Leverage is like Marmite in the world of ETFs - you either love it or you hate it. Recent figures from Barclays Stockbrokers show leveraged long and short ETFs featuring in the top 10 most popular purchases by retail investors, with a ‘super short' FTSE 100 strategy coming in second place.
These products, however, are seen by many as short-term trading vehicles only suitable for sophisticated investors able to frequently monitor markets.
The UK’s Financial Services Authority has gone as far as to warn leveraged ETFs are ‘generally unsuitable’ for the retail market, putting them on a par with complicated structured products. The industry regulator has even proposed publishing a list of products – potentially including leveraged ETFs – to be considered unfit for retail investors from the outset.
Concern largely stems from the fact leveraged long and short products imply the delivery of ‘two-times’ the index performance, although returns can vary widely depending on the time horizon of the investor. Daily rebalancing means the ‘two-times’ index performance is generated on a daily basis and not necessarily over longer periods.
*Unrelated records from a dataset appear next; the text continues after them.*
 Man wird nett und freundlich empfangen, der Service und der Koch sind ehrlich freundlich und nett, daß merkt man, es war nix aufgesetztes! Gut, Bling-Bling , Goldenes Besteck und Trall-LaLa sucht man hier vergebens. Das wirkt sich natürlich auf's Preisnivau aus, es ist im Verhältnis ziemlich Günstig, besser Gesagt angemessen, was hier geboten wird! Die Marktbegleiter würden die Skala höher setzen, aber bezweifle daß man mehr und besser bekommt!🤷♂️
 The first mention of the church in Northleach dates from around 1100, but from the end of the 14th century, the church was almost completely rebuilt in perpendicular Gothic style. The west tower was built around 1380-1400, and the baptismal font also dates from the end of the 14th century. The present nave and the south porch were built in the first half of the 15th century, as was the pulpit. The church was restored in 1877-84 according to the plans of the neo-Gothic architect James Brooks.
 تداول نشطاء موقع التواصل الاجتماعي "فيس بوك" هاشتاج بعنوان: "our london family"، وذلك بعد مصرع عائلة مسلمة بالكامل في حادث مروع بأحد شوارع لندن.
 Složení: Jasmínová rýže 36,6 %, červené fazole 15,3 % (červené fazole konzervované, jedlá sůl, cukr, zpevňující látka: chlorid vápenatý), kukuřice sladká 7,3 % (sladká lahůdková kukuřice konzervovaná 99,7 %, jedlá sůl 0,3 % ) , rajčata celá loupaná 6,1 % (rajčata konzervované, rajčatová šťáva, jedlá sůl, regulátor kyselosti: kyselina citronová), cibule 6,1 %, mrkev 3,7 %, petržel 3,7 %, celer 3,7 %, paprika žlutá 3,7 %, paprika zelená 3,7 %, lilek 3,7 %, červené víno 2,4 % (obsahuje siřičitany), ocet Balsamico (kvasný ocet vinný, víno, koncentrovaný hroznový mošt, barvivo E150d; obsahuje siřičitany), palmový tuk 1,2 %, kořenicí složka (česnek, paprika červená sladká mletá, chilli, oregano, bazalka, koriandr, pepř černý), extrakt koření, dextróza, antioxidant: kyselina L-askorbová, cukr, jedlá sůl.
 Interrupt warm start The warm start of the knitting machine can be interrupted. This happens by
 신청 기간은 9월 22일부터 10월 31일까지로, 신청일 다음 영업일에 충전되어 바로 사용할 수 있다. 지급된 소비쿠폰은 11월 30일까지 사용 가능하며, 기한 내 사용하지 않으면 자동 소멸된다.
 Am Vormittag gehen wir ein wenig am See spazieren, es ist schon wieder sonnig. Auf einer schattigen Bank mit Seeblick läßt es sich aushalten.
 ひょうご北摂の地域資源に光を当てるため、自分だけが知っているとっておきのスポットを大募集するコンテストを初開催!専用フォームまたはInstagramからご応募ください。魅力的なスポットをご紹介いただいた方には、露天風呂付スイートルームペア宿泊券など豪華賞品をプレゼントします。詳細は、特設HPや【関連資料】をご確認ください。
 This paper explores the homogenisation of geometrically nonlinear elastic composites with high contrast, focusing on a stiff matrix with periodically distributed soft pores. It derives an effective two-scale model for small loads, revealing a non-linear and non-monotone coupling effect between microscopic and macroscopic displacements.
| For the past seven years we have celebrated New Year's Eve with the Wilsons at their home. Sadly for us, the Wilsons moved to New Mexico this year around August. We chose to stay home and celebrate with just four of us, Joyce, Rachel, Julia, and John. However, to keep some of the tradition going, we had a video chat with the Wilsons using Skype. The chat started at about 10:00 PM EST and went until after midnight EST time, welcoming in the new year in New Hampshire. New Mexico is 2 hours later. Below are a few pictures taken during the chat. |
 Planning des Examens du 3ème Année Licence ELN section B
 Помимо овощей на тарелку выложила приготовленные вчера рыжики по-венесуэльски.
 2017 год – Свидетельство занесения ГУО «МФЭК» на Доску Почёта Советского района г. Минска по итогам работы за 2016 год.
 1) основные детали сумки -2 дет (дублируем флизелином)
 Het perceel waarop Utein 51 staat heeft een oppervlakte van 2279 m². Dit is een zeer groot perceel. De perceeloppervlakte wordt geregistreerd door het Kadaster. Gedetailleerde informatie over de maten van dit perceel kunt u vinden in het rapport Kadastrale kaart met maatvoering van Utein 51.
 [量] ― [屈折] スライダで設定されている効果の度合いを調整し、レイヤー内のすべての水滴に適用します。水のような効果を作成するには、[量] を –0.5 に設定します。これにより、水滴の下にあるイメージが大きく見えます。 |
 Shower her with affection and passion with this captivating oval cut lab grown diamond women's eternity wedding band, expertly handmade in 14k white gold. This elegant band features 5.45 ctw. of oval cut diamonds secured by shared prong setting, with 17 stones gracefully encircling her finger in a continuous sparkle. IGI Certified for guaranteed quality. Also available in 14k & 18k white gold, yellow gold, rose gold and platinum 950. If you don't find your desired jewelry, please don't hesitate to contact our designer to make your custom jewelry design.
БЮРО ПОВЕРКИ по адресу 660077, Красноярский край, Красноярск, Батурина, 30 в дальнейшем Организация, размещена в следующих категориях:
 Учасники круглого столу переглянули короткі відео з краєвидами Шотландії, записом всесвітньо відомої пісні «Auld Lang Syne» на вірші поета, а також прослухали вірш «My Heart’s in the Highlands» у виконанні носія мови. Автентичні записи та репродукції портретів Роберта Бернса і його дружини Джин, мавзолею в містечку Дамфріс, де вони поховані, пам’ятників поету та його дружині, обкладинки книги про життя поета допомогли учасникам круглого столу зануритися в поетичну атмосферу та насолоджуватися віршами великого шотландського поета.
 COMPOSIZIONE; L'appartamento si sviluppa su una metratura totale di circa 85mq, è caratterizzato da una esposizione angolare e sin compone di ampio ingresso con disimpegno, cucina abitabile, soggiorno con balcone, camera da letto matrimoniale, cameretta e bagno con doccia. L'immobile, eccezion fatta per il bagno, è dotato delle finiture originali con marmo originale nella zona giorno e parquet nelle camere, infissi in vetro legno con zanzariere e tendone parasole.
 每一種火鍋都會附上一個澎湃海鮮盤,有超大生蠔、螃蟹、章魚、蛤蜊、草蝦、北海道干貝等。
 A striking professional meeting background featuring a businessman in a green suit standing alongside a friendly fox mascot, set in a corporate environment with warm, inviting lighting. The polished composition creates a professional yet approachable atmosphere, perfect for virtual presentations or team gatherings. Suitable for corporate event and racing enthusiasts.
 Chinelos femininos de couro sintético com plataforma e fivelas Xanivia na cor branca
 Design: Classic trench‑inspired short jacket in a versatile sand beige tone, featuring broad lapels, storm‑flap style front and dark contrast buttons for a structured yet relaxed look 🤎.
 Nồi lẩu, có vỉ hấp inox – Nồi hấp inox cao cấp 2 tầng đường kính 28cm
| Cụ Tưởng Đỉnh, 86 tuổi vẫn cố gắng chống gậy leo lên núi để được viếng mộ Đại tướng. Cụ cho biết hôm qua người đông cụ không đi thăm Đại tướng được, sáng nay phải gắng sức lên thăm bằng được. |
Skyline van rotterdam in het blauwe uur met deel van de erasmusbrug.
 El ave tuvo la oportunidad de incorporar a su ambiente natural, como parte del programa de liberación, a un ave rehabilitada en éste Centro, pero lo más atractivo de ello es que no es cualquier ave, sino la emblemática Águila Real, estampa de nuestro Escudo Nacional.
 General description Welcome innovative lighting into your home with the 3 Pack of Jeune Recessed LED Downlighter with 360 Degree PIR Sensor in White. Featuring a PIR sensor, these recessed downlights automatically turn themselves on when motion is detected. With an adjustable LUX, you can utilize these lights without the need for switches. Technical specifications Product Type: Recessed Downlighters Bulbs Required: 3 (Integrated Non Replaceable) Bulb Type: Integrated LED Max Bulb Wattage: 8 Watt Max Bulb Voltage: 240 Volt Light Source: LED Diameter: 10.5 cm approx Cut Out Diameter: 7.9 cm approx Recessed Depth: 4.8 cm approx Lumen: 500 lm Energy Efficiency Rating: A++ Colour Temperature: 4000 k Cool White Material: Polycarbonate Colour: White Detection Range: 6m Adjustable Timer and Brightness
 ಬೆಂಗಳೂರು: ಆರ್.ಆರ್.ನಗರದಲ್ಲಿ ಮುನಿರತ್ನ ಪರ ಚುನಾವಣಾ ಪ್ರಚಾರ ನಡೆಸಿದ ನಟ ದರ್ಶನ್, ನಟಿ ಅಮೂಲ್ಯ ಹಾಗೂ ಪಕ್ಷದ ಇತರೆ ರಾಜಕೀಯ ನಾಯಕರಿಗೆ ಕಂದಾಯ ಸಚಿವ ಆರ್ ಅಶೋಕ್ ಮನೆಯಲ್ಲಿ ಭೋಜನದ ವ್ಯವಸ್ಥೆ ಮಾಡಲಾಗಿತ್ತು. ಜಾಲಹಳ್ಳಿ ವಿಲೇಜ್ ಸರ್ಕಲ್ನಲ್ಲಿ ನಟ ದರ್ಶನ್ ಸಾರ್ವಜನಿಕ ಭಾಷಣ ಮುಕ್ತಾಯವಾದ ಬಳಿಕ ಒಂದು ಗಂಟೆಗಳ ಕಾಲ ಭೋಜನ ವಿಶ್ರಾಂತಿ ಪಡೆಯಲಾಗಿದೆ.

However, RBS has recently unveiled monthly leveraged ETFs, which smooth returns over longer periods, making leveraged performance consistent for periods greater than one day.
Time will show how popular these monthly rebalanced funds become among retail, but in the meantime there is clearly demand for leveraged ETFs, as the stockbroker’s figures show. With more leveraged products in the pipeline and rising investor demand, it would be wise for the FSA to encourage education rather than denigrate these products and risk casting a shadow over ETFs.
After all, this is one of the vehicles they say advisers should consider in line with the Retail Distribution Review and are likely to become a popular, mainstream proposition for retail investors.